I'm not sure what you mean by this. Do you mean rename the files?
threadSMR.hpp -> threadSafeMemoryReclaimation.hpp
threadSMR.cpp -> threadSafeMemoryReclaimation.cpp
> and briefly describe the concept in the beginning of the header file,
> so one knows why it's called threadSMR.hpp?
And then this part of the sentence kind of indicates that you would be
okay with the threadSMR.{c,h}pp names if a comment was added to the
header file.
Please clarify.
> It doesn't need to be long and include why Threads list needs this
> Sometimes we tell new people that the hotspot documentation is in the
> header files.
Yup. When I migrated stuff from thread.hpp and thread.cpp to threadSMR.hpp
and threadSMR.cpp, I should have written a header comment...

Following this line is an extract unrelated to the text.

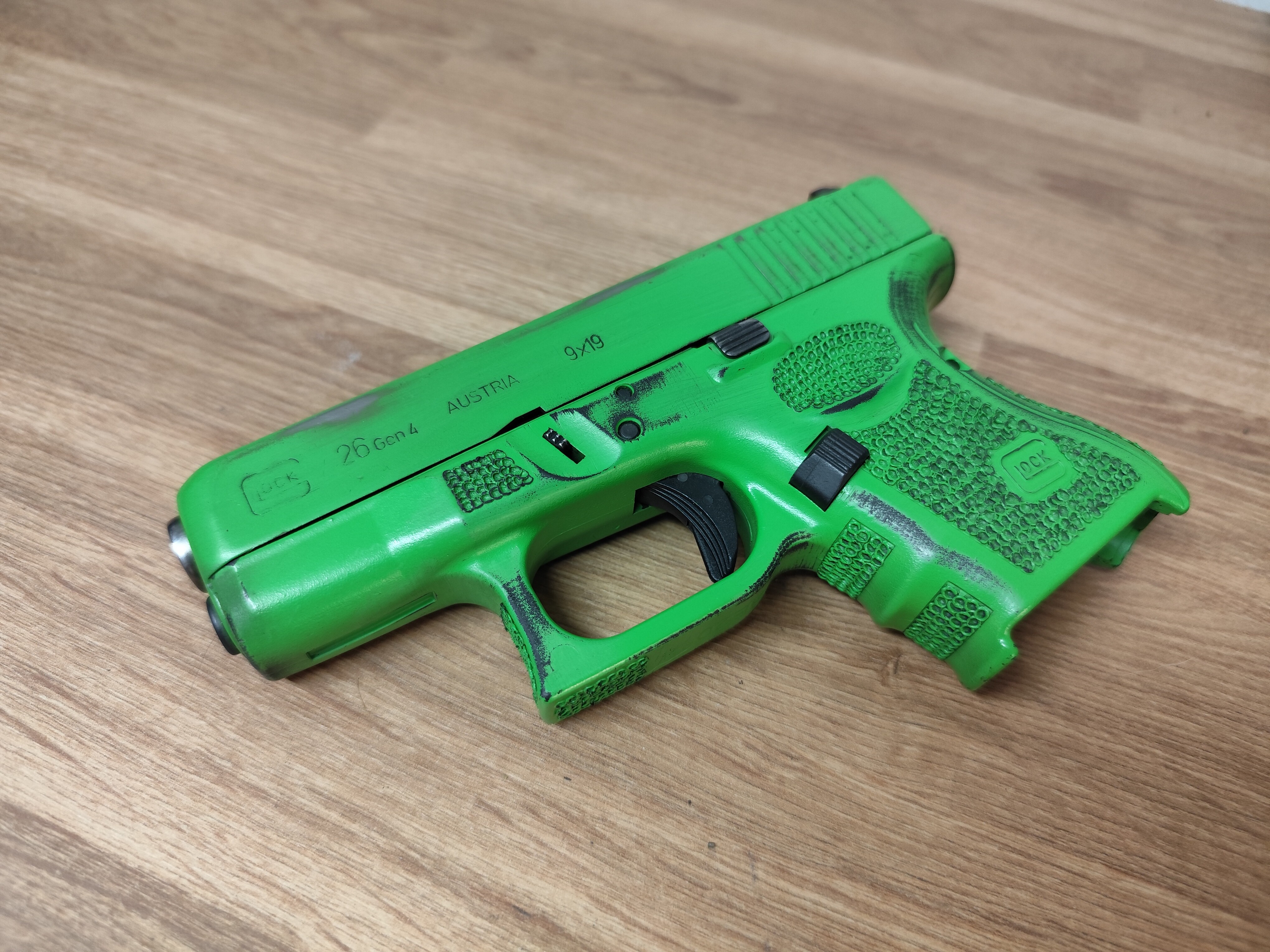 Vill du vara värst på banan? Då är den här Glock 26an i fantastisk Zombie apokalyptisk grön perfekt för dig.

I did update a comment in thread.cpp based on Robin W's code review:
> > src/hotspot/share/runtime/thread.cpp
> >
> > 3432 // operations over all threads. It is protected by its own Mutex
> > 3433 // lock, which is also used in other contexts to protect thread
> >
> > Should this comment perhaps be revised to mention SMR?
>
> It definitely needs some updating... Here's a stab at it:
>
> // The Threads class links together all active threads, and provides
> // operations over all threads. It is protected by the Threads_lock,
> // which is also used in other global contexts like safepointing.

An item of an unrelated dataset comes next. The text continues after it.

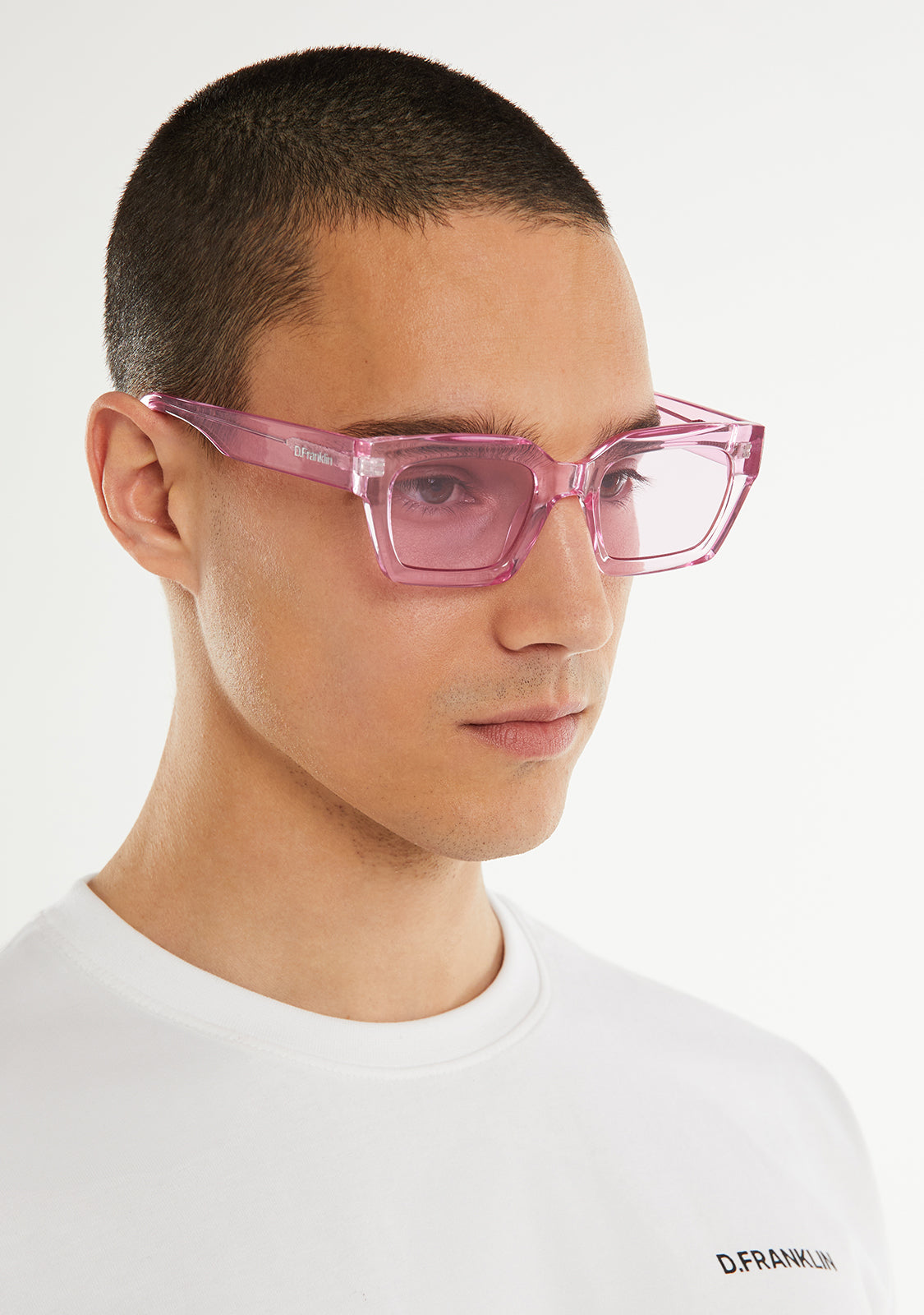 Unser Tokyo-Modell in rosa Tönen und im Vintage-Stil verfügt über die charakteristischen Details der Marke D.Franklin, das Logo, das auf den Bügeln eingraviert ist, und das Emblem auf der Linse. Die Linsenbreite beträgt 51 mm und die Front ist 143 mm. Die Bügellänge beträgt 145 mm.

> // ThreadsListHandles are used to safely perform operations on one
> // or more threads without the risk of the thread exiting during the
> // operation.
> //
> // Note: The Threads_lock is currently more widely used than we
> // would like. We are actively migrating Threads_lock uses to other
> // mechanisms in order to reduce Threads_lock contention.
I'll take a look at adding a header comment to threadSMR.hpp.
> 186 JavaThreadIteratorWithHandle() : _tlh(), _index(0) {}
>
> This _tlh() call should not be necessary. The compiler should
> generate this for you in the constructor.
Deleted.
> http://cr.openjdk.java.net/~dcubed/8167108-webrev/jdk10-09-full/src/hotspot/share/runtime/threadSMR.cpp.html
>
>
> 32 ThreadsList::ThreadsList(int entries) : _length(entries),
> _threads(NEW_C_HEAP_ARRAY(JavaThread*, entries + 1, mtGC)),
> _next_list(NULL) {
>
> Seems like it should be mtThread rather than mtGC.
Fixed. Definitely an artifact of Erik's original prototype when he
extracted Thread-SMR from his GC work... Thanks for catching it.
> Should
>
> 62 if (EnableThreadSMRStatistics) {
>
> really be UL, ie: if (log_is_enabled(Info, thread, smr, statistics)) ?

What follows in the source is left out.